### Instructions to follow
Exact reproduction is required for the lines below starting at the line with "AK Acht Jagdhunde unter einem niedrigen Dach" and ending at the line with "Fabricado em acrílico", both included. No other lines, and no pictures.

[Stored data entries]
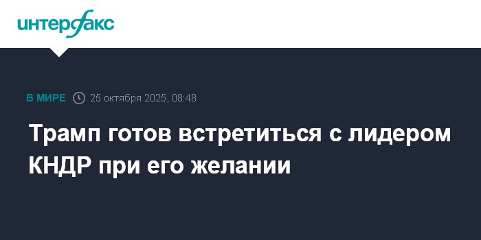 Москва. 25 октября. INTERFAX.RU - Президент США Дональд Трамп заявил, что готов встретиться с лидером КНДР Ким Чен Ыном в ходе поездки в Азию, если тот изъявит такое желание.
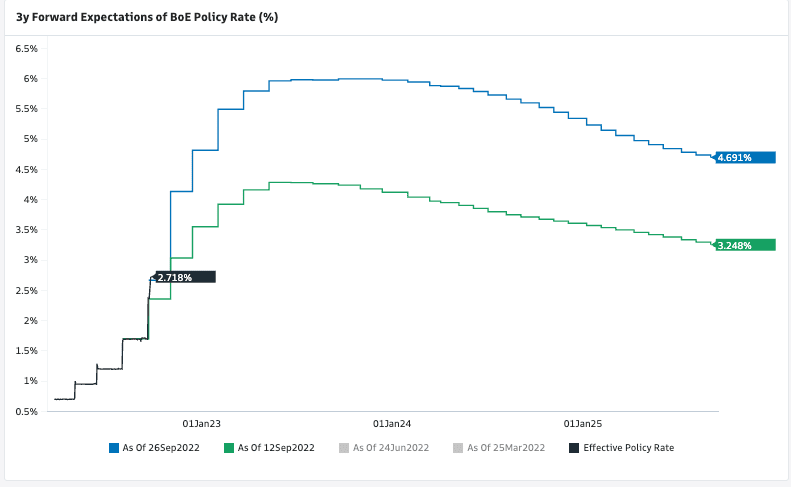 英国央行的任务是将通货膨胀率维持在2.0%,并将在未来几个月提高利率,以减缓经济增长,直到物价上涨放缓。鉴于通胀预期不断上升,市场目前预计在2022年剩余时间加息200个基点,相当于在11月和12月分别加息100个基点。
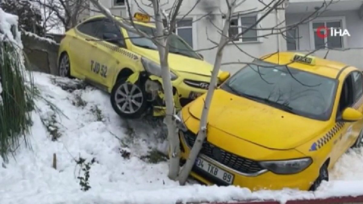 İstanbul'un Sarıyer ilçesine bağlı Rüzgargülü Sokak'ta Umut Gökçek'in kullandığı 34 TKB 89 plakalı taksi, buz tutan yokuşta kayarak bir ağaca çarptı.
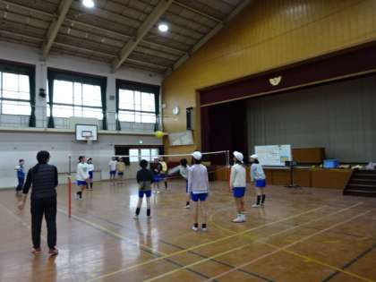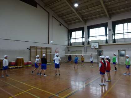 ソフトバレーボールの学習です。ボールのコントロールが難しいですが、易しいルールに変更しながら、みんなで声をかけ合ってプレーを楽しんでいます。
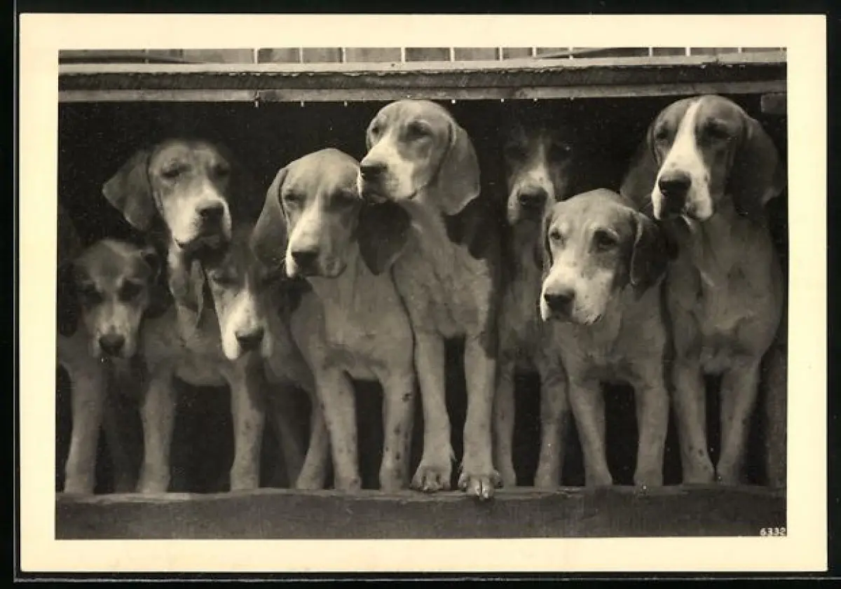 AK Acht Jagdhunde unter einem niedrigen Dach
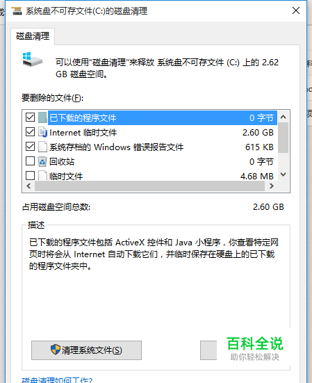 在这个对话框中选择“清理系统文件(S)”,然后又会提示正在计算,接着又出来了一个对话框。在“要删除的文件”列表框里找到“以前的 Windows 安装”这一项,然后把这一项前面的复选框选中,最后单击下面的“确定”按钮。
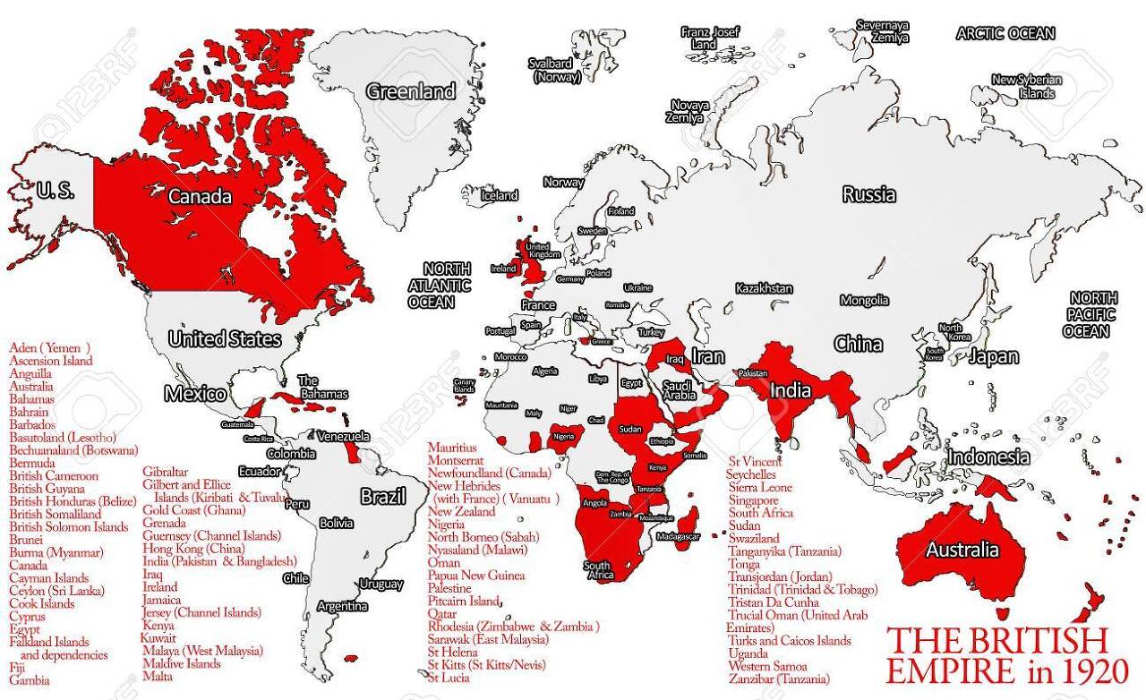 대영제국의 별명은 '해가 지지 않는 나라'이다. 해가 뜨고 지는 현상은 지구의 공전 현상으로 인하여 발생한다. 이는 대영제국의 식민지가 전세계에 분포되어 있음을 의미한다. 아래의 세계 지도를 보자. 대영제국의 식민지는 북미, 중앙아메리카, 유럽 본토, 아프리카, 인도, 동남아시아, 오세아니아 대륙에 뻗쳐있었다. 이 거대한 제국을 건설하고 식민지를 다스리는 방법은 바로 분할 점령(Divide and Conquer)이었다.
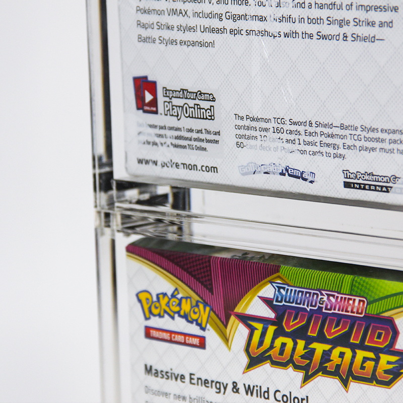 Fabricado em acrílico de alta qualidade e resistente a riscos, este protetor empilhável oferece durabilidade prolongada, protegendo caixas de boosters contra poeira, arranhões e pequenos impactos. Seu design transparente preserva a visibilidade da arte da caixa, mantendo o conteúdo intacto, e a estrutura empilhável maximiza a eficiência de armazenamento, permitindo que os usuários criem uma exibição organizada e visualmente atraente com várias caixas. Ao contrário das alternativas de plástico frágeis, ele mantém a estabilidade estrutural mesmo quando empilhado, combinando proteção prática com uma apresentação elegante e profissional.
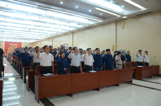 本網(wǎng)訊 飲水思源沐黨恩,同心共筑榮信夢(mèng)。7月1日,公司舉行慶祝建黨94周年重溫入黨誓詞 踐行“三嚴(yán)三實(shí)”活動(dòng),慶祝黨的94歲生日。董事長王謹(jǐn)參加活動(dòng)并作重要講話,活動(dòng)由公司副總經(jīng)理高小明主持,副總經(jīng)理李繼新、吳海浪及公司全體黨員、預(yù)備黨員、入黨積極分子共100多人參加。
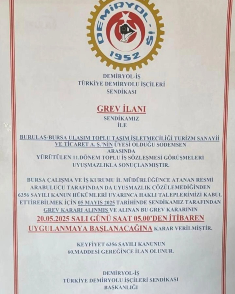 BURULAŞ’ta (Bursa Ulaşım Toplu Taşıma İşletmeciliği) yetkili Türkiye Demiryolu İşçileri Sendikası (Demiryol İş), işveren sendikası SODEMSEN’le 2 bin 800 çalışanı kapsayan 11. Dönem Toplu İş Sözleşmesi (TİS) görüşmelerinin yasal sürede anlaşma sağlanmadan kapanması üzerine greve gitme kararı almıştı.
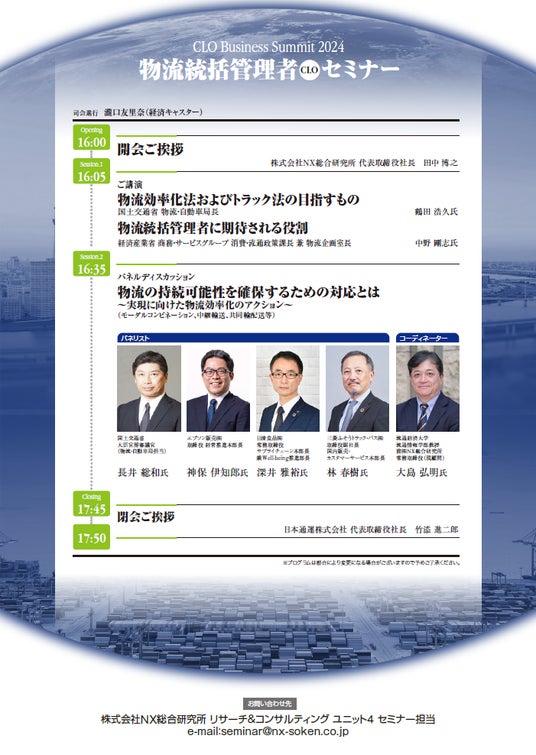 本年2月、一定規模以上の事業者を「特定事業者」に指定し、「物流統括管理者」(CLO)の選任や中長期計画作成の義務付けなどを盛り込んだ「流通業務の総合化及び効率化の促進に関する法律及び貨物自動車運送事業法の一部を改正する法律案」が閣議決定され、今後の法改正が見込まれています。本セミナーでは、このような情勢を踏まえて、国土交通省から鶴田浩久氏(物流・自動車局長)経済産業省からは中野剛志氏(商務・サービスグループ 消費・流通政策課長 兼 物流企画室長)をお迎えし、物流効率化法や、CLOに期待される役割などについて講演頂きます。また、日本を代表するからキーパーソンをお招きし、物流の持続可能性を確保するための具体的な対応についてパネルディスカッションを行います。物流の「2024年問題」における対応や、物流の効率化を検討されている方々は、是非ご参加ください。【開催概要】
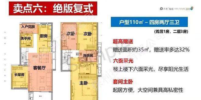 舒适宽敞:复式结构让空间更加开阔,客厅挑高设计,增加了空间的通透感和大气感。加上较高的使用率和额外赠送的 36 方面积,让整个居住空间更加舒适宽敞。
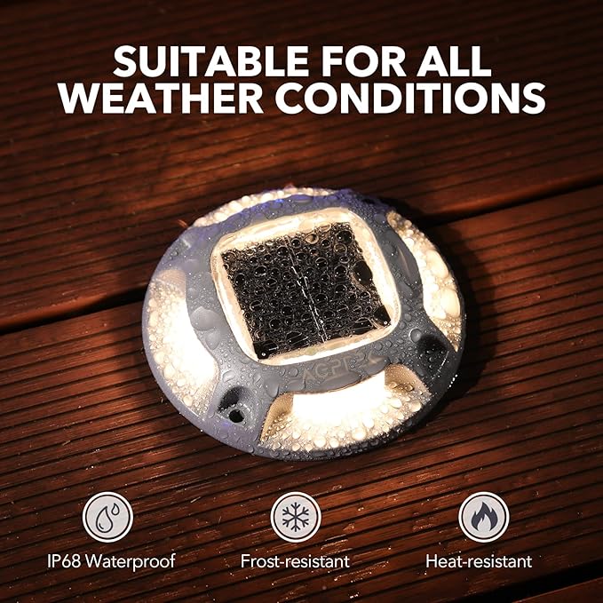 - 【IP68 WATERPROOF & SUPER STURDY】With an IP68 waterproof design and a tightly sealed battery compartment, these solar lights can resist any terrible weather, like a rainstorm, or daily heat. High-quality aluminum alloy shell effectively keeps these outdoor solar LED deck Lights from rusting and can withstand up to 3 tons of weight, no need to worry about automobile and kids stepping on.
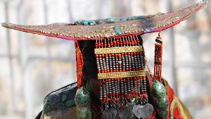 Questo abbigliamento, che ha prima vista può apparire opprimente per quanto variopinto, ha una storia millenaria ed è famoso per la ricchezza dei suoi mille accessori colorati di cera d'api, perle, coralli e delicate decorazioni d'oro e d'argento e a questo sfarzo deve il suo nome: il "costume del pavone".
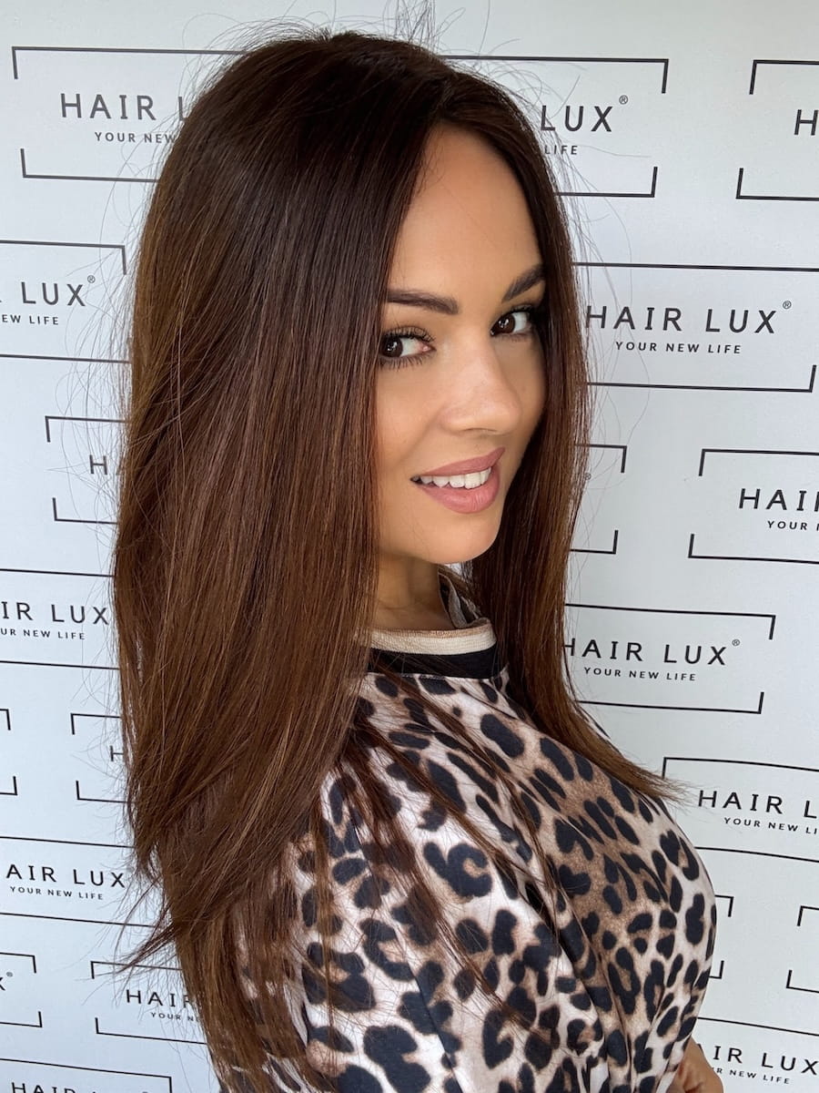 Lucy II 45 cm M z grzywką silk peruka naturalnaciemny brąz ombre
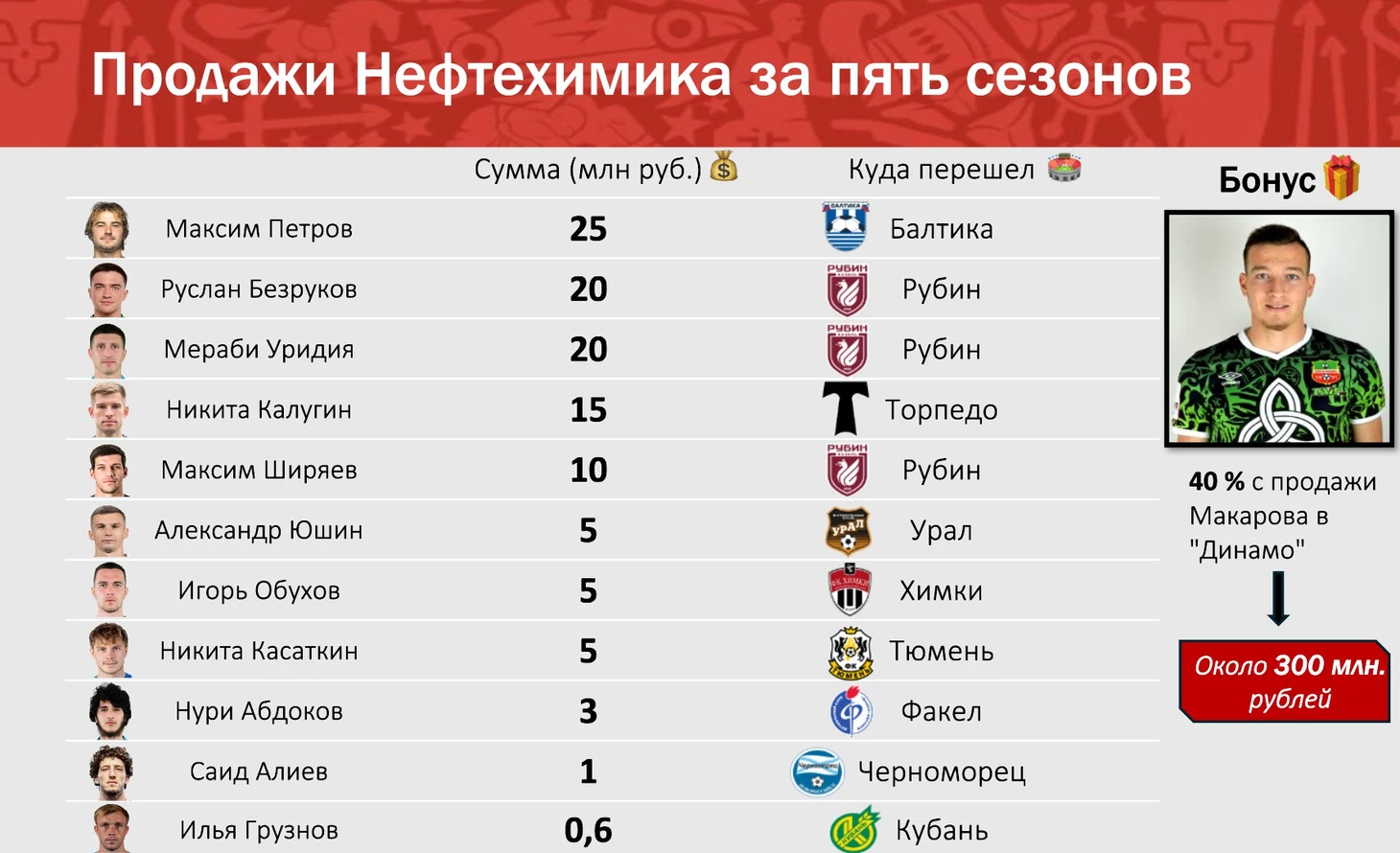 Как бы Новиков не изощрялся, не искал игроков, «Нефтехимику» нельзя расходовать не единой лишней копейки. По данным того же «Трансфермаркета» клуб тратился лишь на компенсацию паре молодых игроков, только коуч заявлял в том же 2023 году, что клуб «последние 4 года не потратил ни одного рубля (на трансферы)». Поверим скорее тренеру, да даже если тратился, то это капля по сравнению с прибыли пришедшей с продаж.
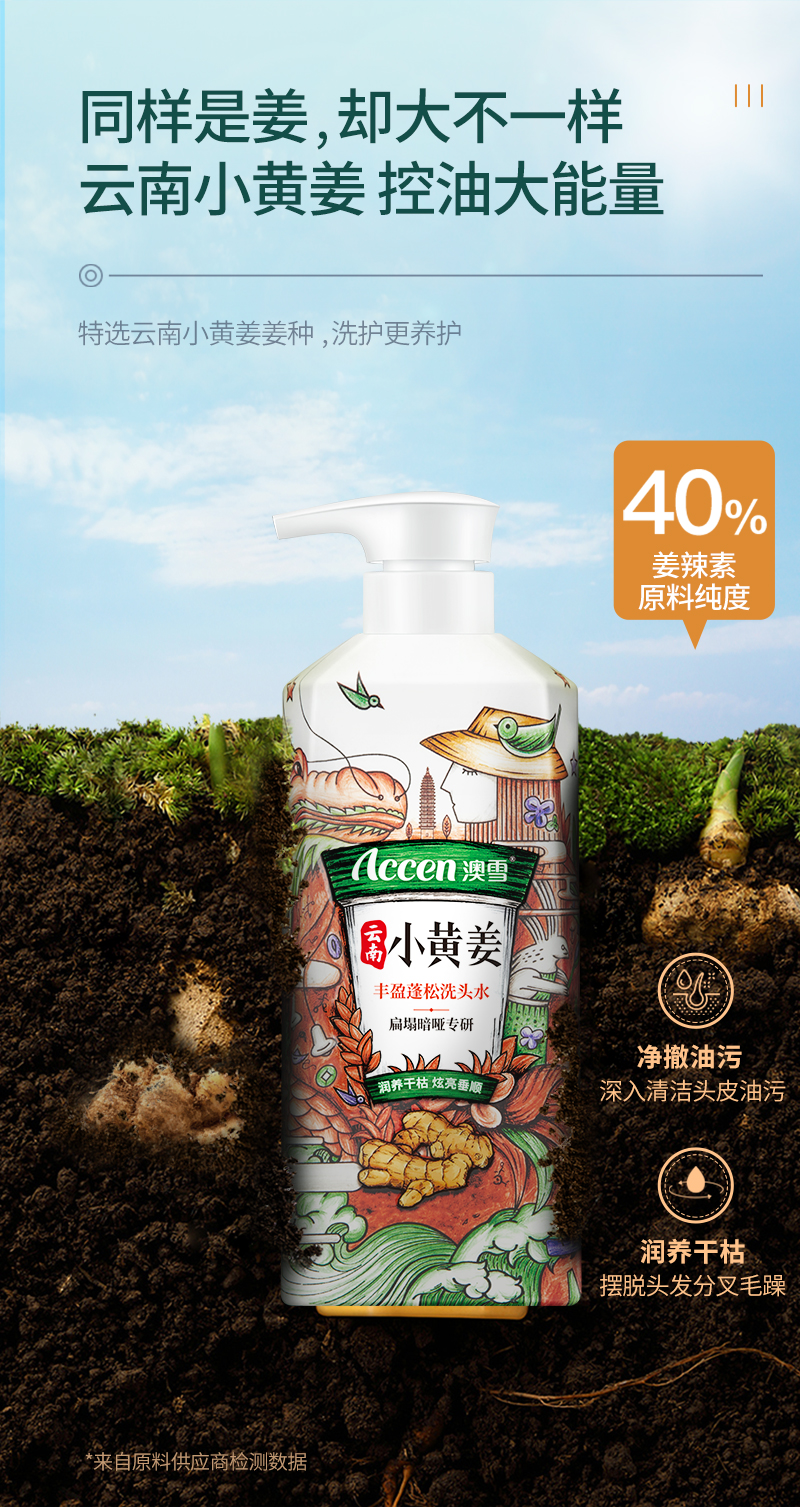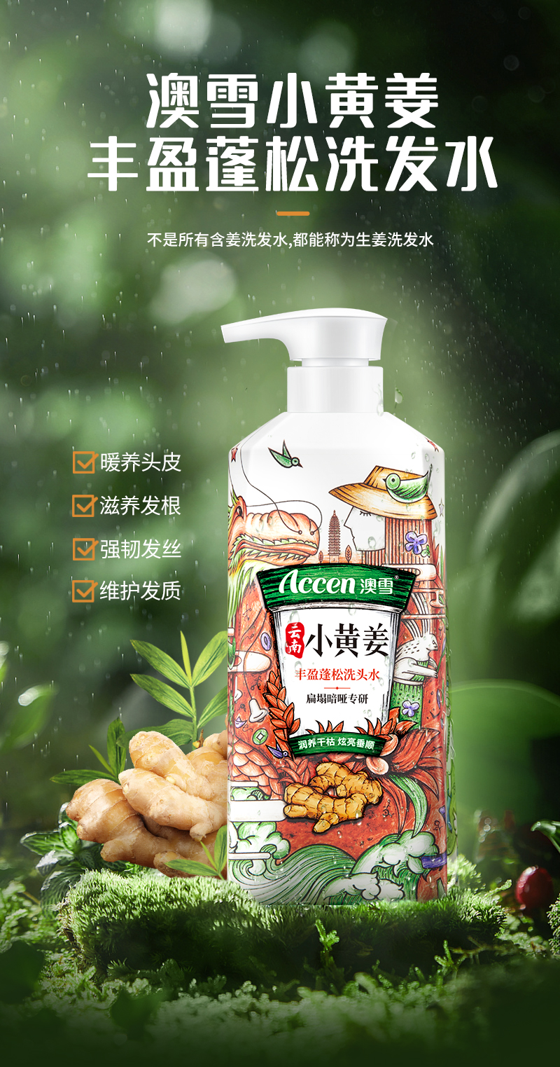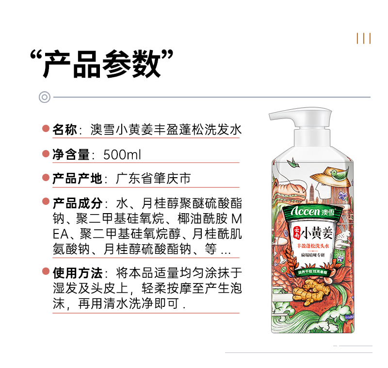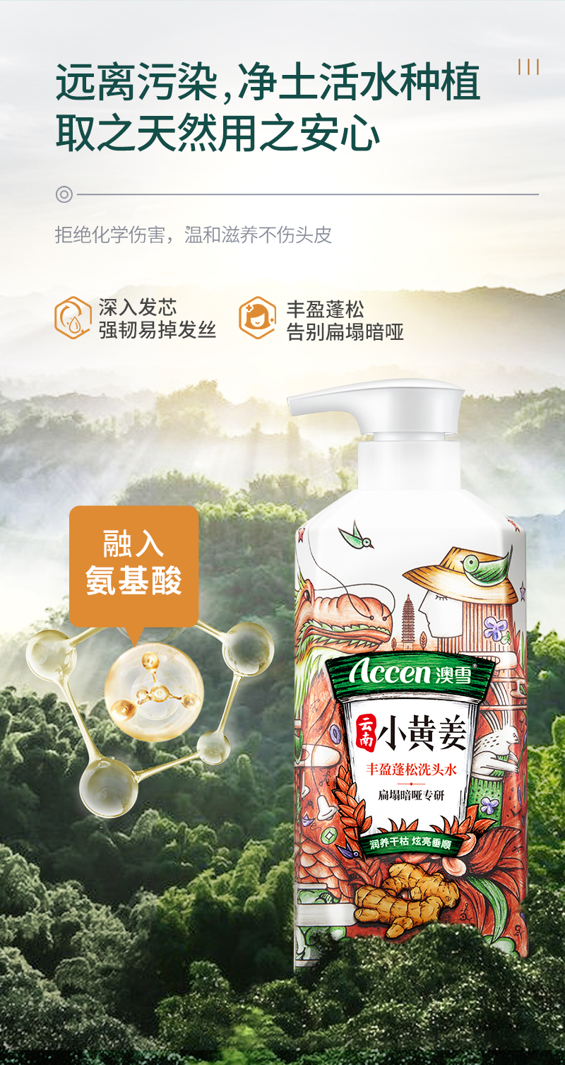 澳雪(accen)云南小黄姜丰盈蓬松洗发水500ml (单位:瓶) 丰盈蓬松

### Output below
 AK Acht Jagdhunde unter einem niedrigen Dach
 在这个对话框中选择“清理系统文件(S)”,然后又会提示正在计算,接着又出来了一个对话框。在“要删除的文件”列表框里找到“以前的 Windows 安装”这一项,然后把这一项前面的复选框选中,最后单击下面的“确定”按钮。
 대영제국의 별명은 '해가 지지 않는 나라'이다. 해가 뜨고 지는 현상은 지구의 공전 현상으로 인하여 발생한다. 이는 대영제국의 식민지가 전세계에 분포되어 있음을 의미한다. 아래의 세계 지도를 보자. 대영제국의 식민지는 북미, 중앙아메리카, 유럽 본토, 아프리카, 인도, 동남아시아, 오세아니아 대륙에 뻗쳐있었다. 이 거대한 제국을 건설하고 식민지를 다스리는 방법은 바로 분할 점령(Divide and Conquer)이었다.
 Fabricado em acrílico de alta qualidade e resistente a riscos, este protetor empilhável oferece durabilidade prolongada, protegendo caixas de boosters contra poeira, arranhões e pequenos impactos. Seu design transparente preserva a visibilidade da arte da caixa, mantendo o conteúdo intacto, e a estrutura empilhável maximiza a eficiência de armazenamento, permitindo que os usuários criem uma exibição organizada e visualmente atraente com várias caixas. Ao contrário das alternativas de plástico frágeis, ele mantém a estabilidade estrutural mesmo quando empilhado, combinando proteção prática com uma apresentação elegante e profissional.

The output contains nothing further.